Sweet cigarettes were of course the fine and correct way to introduce children to chocolate cigars. And once they'd chewed down on them they were more than prepared for the strength of the liqourish pipe with the aniseed topping.

Youngsters today, they go straight to Lambert And Butler. No class, can't even start on Consulate.

T'chah.

HonaloochieB, you are talking to yourself again you daft old bastard. You have stopped taking your medication havent you?


The Mighty Boosh is the thing they stick up your arse to help you go, thats exactly what it does. I had a lovely Philipino nurse do it for me; mind you that was 40 years ago in Manila when I didnt need any help going.

Michael Palaeologus Wrote:

-------------------------------------------------------

> HonaloochieB, you are talking to yourself again

> you daft old bastard. You have stopped taking your

> medication havent you?

>

> The Mighty Boosh is the thing they stick up your

> arse to help you go, thats exactly what it does.
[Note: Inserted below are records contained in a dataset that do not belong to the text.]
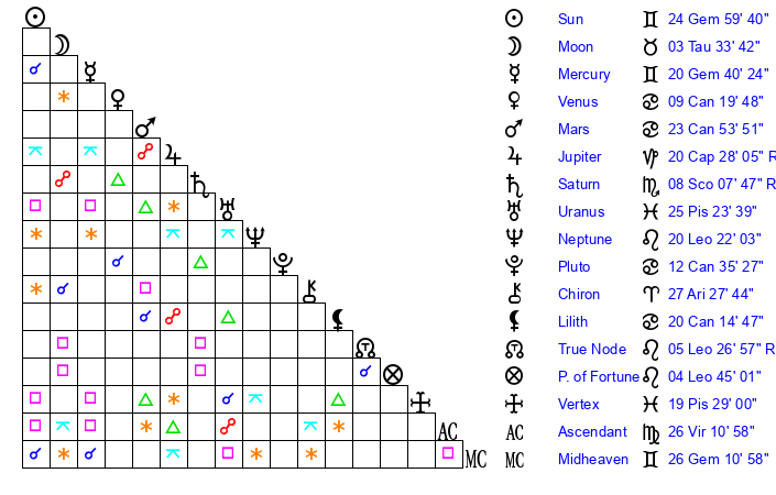 | Moon | 3 Taurus 30 | 29 Aquarius 19 | 20 Sagittarius 55 |
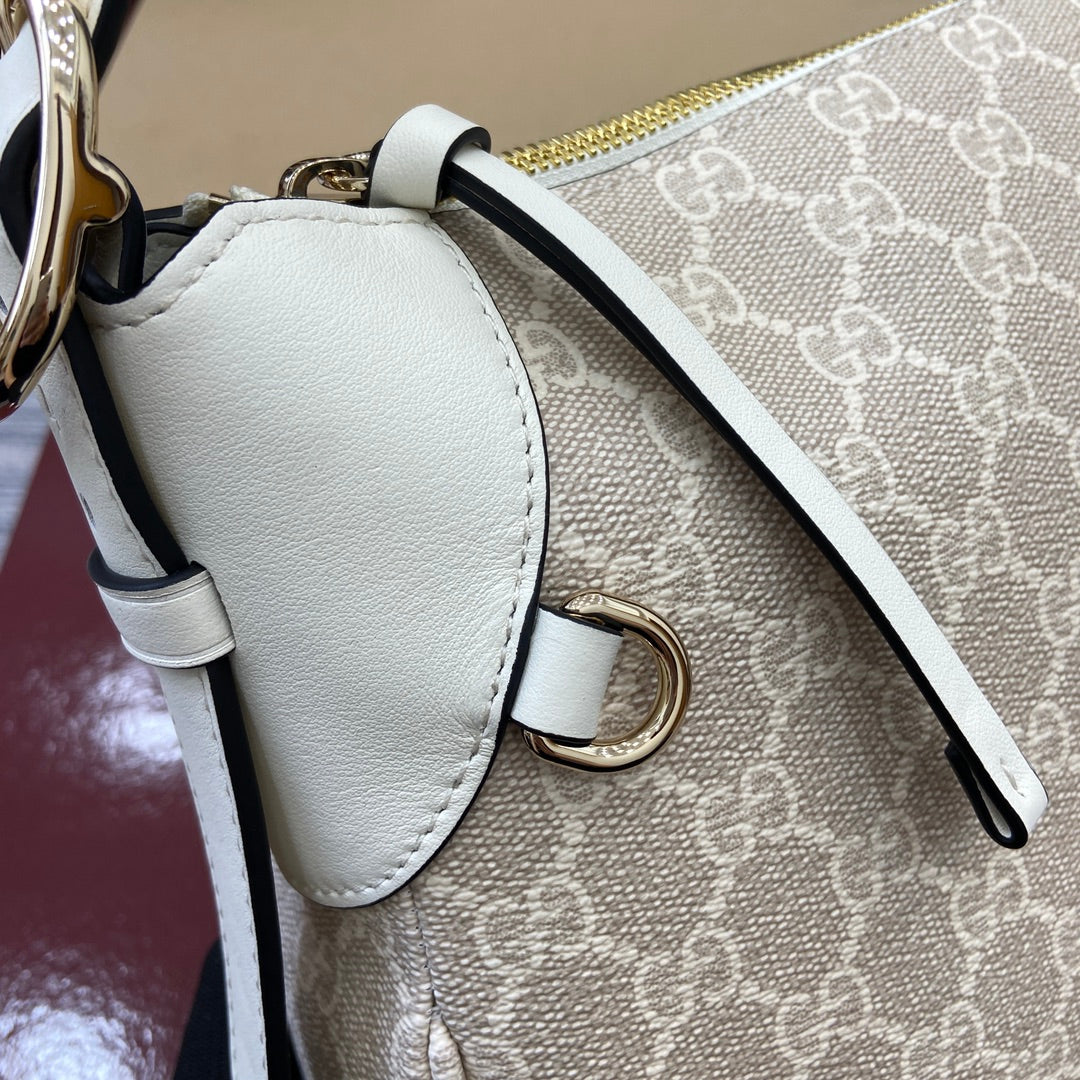 Gucci GG Emblem Medium Shoulder Bag - Oatmeal PVC
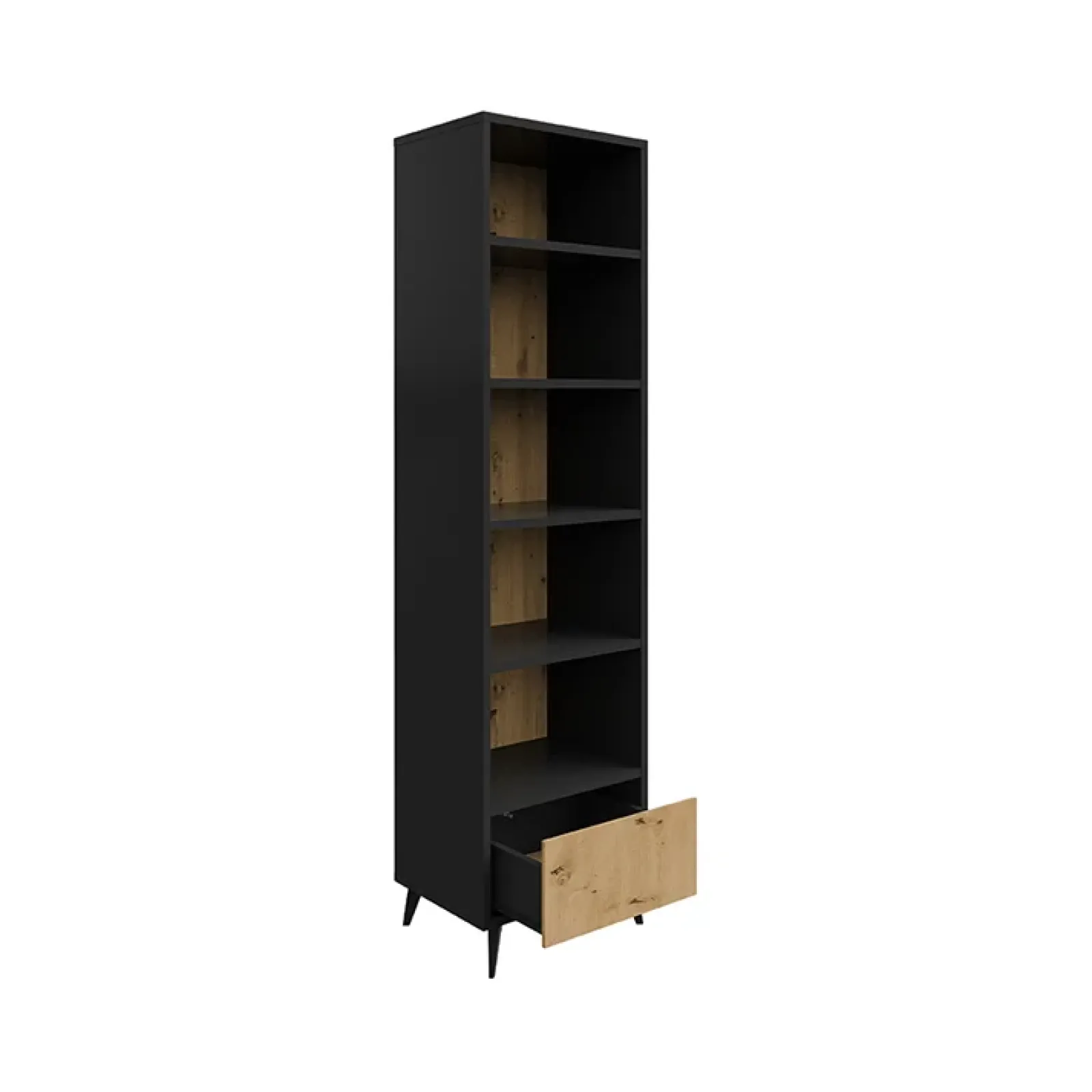 Libreria 50x192cm 5 vani a giorno 1 cassetto rovere nero Hans
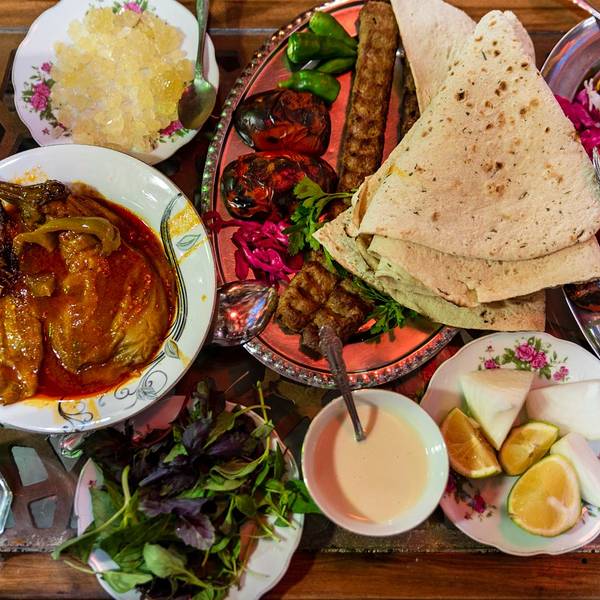 网红店,餐厅从墙壁到天花板都装饰着各种灯具等装饰品,就是位置不是特别好找,不过就在巴扎周围,千万别跟着导航走。 【价格】人均20万 IRR人山人海,还是需要等位置先找个“3人桌”坐下,小伙伴们点菜时也是吸引了旁边的伊朗小哥。在个性的装潢下,用餐的当地人升级到大桌子炖茄子真的很棒。而且,第一餐我就爱上了当地的酸奶。
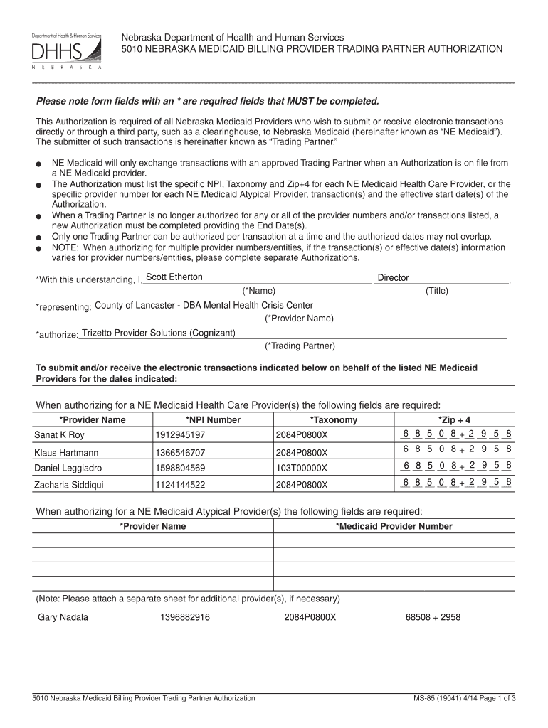 5010 NEBRASKA MEDICAID BILLING PROVIDER TRADING PARTNER AUTHORIZATIONPlease note form fields with an * are required fields that MUST be completed.
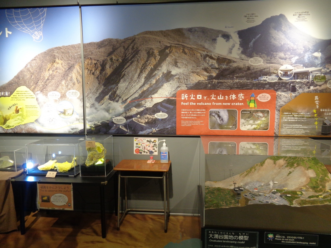 大涌谷くろたまご館の中にある有料施設です.町立の施設なので料金は100円と格安です.大涌谷はとても混雑していますが,その中ではこの施設は比較的空いています.展示品は大涌谷にまつわる岩石や硫黄などですが,箱根の歴史を知るためのジオラマなどがあり,とても勉強になりました.小さな施設ではありますが,料金の価値は十分にあると思います.
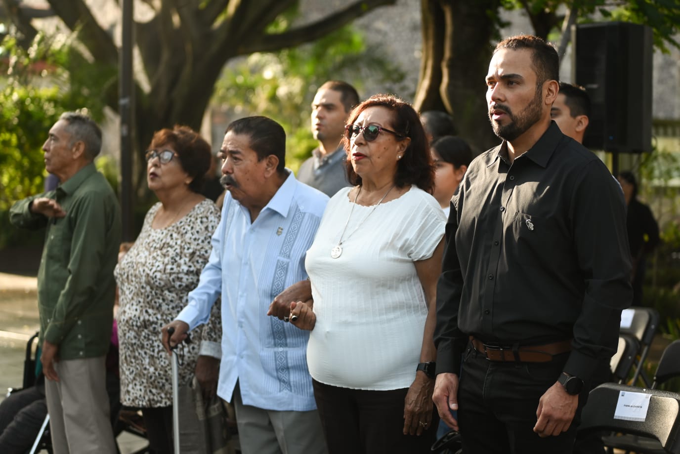 En el presídium, la gobernadora estuvo acompañada por integrantes del Gabinete legal; Jazmín Solano López, diputada presidenta de la Mesa Directiva del Congreso del Estado de Morelos; Juan Emilio Elizalde Figueroa, magistrado presidente del Tribunal Superior de Justicia del estado; Diego Prieto Hernández, titular de la Unidad de Culturas Vivas de la Secretaría de Cultura del Gobierno de México; y Felipe Arturo Ávila Espinoza, director del Instituto Nacional de Estudios Históricos de las Revoluciones de México.

I

> had a lovely Philipino nurse do it for me; mind

> you that was 40 years ago in Manila when I didnt

> need any help going.


MP, I'm going to have to take you point by point.
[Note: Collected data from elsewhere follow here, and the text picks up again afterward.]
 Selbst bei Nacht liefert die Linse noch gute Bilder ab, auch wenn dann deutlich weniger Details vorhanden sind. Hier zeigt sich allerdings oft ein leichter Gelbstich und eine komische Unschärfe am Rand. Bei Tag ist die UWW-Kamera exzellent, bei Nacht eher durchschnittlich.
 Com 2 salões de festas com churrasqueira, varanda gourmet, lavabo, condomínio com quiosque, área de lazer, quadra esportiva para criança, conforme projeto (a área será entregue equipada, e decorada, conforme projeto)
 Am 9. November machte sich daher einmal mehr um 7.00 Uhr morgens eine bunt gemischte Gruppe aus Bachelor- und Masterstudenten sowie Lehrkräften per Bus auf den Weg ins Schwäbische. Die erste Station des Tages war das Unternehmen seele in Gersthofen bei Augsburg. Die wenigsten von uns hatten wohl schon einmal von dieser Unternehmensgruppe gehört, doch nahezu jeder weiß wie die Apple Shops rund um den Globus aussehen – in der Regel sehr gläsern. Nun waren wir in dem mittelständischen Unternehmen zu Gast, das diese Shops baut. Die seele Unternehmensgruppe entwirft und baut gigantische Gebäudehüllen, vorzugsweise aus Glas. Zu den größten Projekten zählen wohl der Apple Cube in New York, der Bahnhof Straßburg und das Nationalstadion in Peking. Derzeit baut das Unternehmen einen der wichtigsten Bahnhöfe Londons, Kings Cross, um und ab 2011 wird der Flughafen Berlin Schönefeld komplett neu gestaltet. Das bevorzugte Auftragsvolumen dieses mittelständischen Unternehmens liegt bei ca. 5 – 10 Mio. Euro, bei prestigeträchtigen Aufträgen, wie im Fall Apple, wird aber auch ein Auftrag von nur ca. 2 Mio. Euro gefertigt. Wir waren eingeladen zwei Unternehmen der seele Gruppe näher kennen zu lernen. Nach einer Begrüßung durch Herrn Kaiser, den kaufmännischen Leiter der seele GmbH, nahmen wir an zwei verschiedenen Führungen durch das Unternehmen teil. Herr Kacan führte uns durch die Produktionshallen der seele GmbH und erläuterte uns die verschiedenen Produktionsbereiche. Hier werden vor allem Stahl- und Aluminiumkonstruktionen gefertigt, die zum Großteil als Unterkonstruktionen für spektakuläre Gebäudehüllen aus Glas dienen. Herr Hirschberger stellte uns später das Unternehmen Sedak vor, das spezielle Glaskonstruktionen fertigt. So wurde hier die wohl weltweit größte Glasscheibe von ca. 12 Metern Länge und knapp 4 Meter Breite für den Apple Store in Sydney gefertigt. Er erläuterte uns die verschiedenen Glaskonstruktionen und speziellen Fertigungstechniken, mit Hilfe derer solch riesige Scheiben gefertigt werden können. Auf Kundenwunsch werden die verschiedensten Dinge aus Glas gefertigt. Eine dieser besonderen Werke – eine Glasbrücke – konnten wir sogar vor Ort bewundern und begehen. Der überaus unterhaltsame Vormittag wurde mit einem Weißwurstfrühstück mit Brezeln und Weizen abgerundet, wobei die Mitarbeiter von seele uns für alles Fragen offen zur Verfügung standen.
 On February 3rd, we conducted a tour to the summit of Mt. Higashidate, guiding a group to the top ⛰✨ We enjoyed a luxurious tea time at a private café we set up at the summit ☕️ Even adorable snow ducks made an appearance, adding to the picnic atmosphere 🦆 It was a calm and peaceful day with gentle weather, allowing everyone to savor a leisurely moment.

I'm not talking to myself, again. Unless you can prove I've done it before, then I'm saying something for the first time.

Unless what I just said counts and that would be a second time. But I don't pretend to be a mathematician, so I'm not perhaps qualified to make a judgement on the matter. So really if I'm anything I'm a philoshipher. Unless I'm not. Which is probable, if not possible. Isn't it?

Daft? if I am, then I wouldn't know, would I? I may well be. So perhaps I am a philosopher after all? Who knows? Do you? Do I? Do anyone?

Old? Yes, OK, but how could you tell from there? Bastard? Never! Birth certificate to prove it.


The Mighty Boosh, being a thing you have shoved up your arse? To make you go? By a Philpino nurse? Who is lovely?


I'd rather that than a 'comedy' show.

He's raving again. Living in a world of his own. Its all fantasy.


My Granny thinks he is barking mad, we spent the whole afternoon talking about it. She say's that the King will visit us soon and will heal everybody with rickets simply by touching them.


Whats that box in the corner? Its talking to me.

With all due respect to your Granny, but is she off her ruddy chump?

Do you think his courtiers will allow the King to go around touching the ricket-infested? He'll be going back to the palace riddled with scrofula, nits and scurvy like as not. Then he'll go off on state visits to other monarchs and pass them on to them, they'll get their armies involved and before you know it, war with the likes of Belgium.

I'm sure your Granny is all well and good but she should stick to her rocking chair and mithering the cat.

When it coms to international diplomacy, she's not seeing the big picture.